*** Opening of Records provided ***
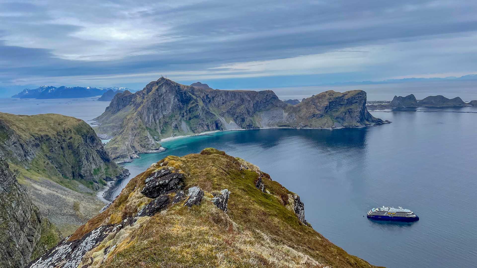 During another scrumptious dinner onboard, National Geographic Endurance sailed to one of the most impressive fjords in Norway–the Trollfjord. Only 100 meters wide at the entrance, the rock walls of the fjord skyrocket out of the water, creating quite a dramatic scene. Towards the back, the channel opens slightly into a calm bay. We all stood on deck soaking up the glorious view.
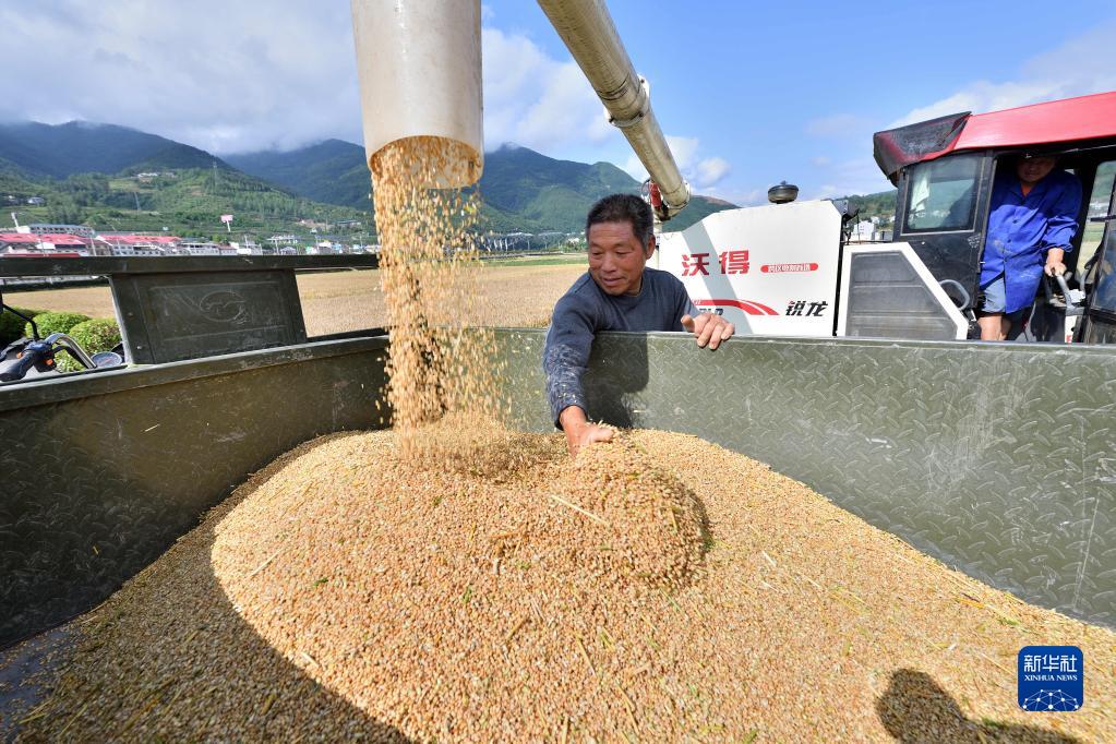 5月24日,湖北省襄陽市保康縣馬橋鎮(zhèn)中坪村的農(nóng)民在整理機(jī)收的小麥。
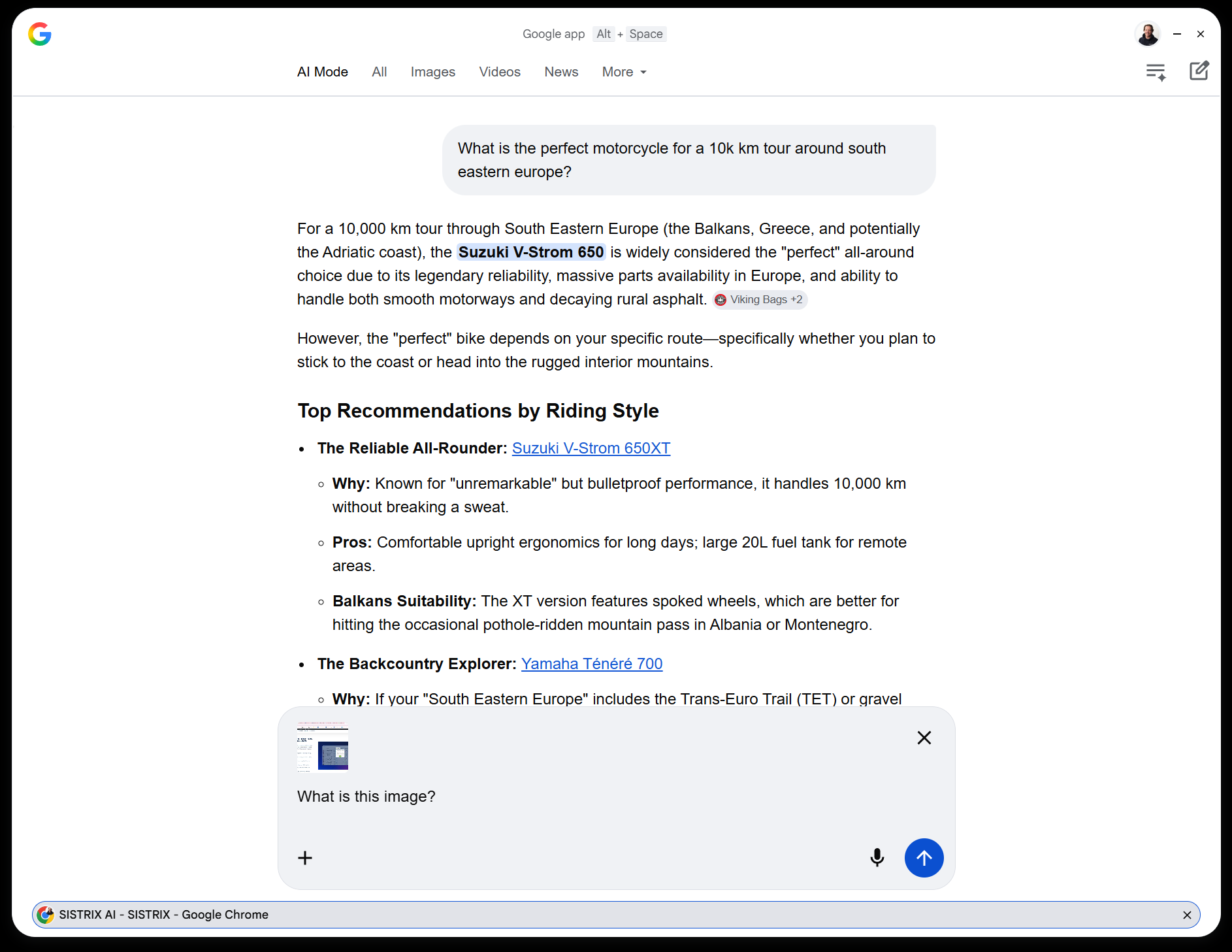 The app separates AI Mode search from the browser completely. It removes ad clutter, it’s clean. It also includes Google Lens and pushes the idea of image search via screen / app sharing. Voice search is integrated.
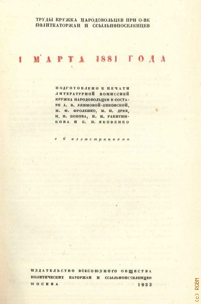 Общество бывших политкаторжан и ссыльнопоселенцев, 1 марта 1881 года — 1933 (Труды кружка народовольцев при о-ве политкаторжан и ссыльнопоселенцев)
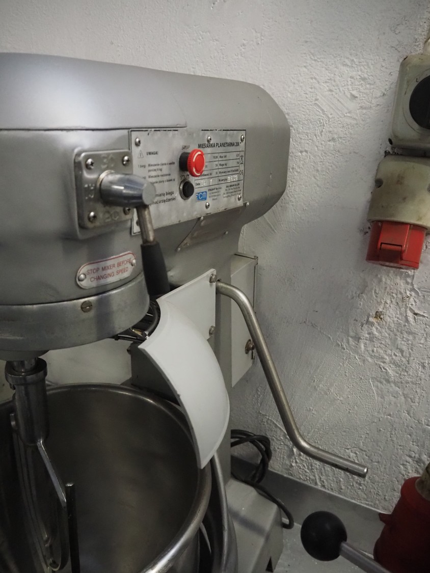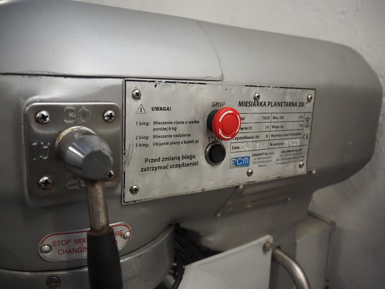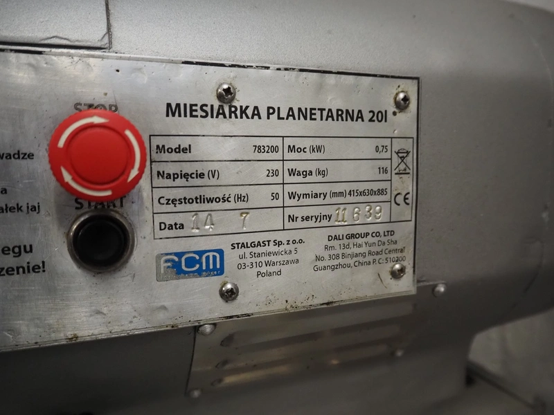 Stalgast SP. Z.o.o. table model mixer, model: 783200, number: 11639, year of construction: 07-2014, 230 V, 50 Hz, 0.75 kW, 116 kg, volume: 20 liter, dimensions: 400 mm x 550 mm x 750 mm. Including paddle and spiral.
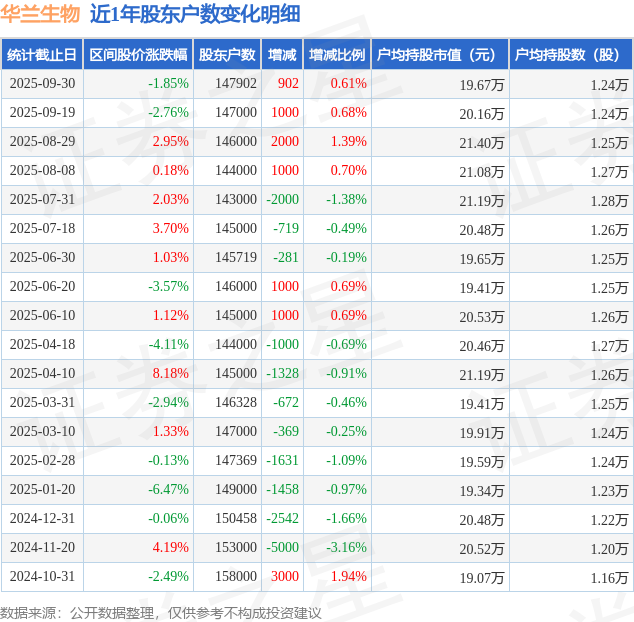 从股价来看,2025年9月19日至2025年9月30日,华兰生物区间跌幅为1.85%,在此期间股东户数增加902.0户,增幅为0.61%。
*** Close of Records provided ***
• Required action: Which lines run from the one holding "Stalgast SP. Z.o.o." through the end of the records? Reproduce them word for word, both ends included, with no pictures.

• Solution for this exercise:
 Stalgast SP. Z.o.o. table model mixer, model: 783200, number: 11639, year of construction: 07-2014, 230 V, 50 Hz, 0.75 kW, 116 kg, volume: 20 liter, dimensions: 400 mm x 550 mm x 750 mm. Including paddle and spiral.
 从股价来看,2025年9月19日至2025年9月30日,华兰生物区间跌幅为1.85%,在此期间股东户数增加902.0户,增幅为0.61%。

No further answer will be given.